Authors: Roverso R., Naiem A., El-Beltagy M., El-Ansary S., Haridi, S
The contribution of the paper is threefold: First, we present the process of trial-and-error we went through, in the hope that our experience will be beneficial to adopters of GPU programming for similar problems. Second, we show the modifications needed to parallelize the DGS algorithm. Third, we show the performance gains of our approach compared to both a sequential CPU-based implementation of DGS and a parallel GPU-based implementation of the auctioning algorithm.

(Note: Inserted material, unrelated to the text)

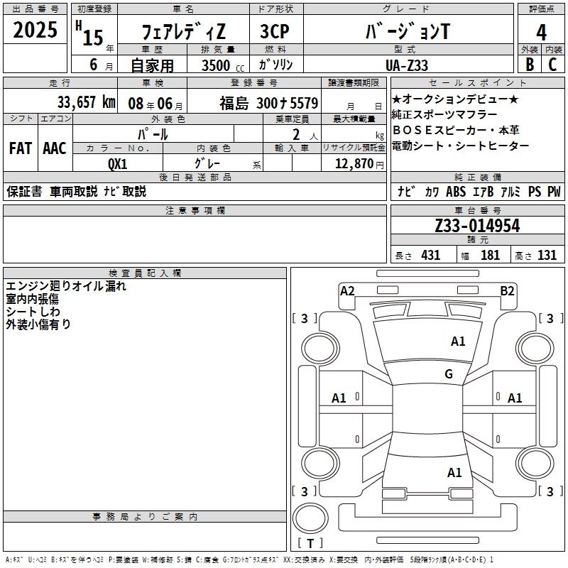 NISSAN FAIRLADY Z 2003 г., лот № 2025

The simplest way to obtain an initial solution is by randomly assigning jobs to agents. An alternative is to do a greedy initial assignment where the benefit aij is taken into account. In our experiments with DGS we found that there was not clear advantage to adopt either approach. Since greedy initial assignment takes a bit longer, we opted to use random agent/job assignment for the initial solution.
We show results of the impact of the various steps that we went through to implement it and enhance its performance. The experimental setup for the tests consists of a consumer machine with a 2.4Ghz Core 2 Duo processor equipped with 4GB of DDR3 RAM and NVIDIA GTX 295 graphic card with 1GB of DDR5 on-board memory. The NVIDIA GTX 295 is currently NVIDIA’s top-of-the-line consumer video card and boasts a total number of 30 Scalar Multiprocessors and 240 Processors, 8 for each SM, which run at a clock rate of 1.24 GHz. In the experiments, we use a thread block size 256 when executing kernels which do not make use of Shared Memory, and 16 in the case they do. Concerning the DGS input scenarios, we use dense instances of the GEOM type defined by Bus and Tvrdık, and generated as follows: first we generate n points randomly in a 2D square of dimensions [0, C] × [0, C], then each aij value is set as the Euclidean distance between points i and j from the generated n points. We define the problem size to be equal to the number of agents/jobs. For the sake of simplicity, we make use of problem sizes which are multiples of the thread block size. Note that every experiment is the result of the averaging of a number of runs executed using differently seeded DGS instances.
Difference Evaluation on Global Memory
Global memory is fully addressable by any thread running on the GPU and no special operation is needed to access data on it. Therefore, in the first version of the kernel, we decided to simply upload the full Aij matrix to the GPU memory together with the current agent to job assignments and all the data we needed to run the ADE algorithm on the GPU. Then we let the GPU spawn a thread for each of the agents involved. Consequently, a CUDA thread cti associated with agent i executes the ADE algorithm only for agent i by evaluating all its possible 2-exchanges. The agent-to-thread allocation on the GPU is trivial and is made by assigning the thread identifier cti to agent i.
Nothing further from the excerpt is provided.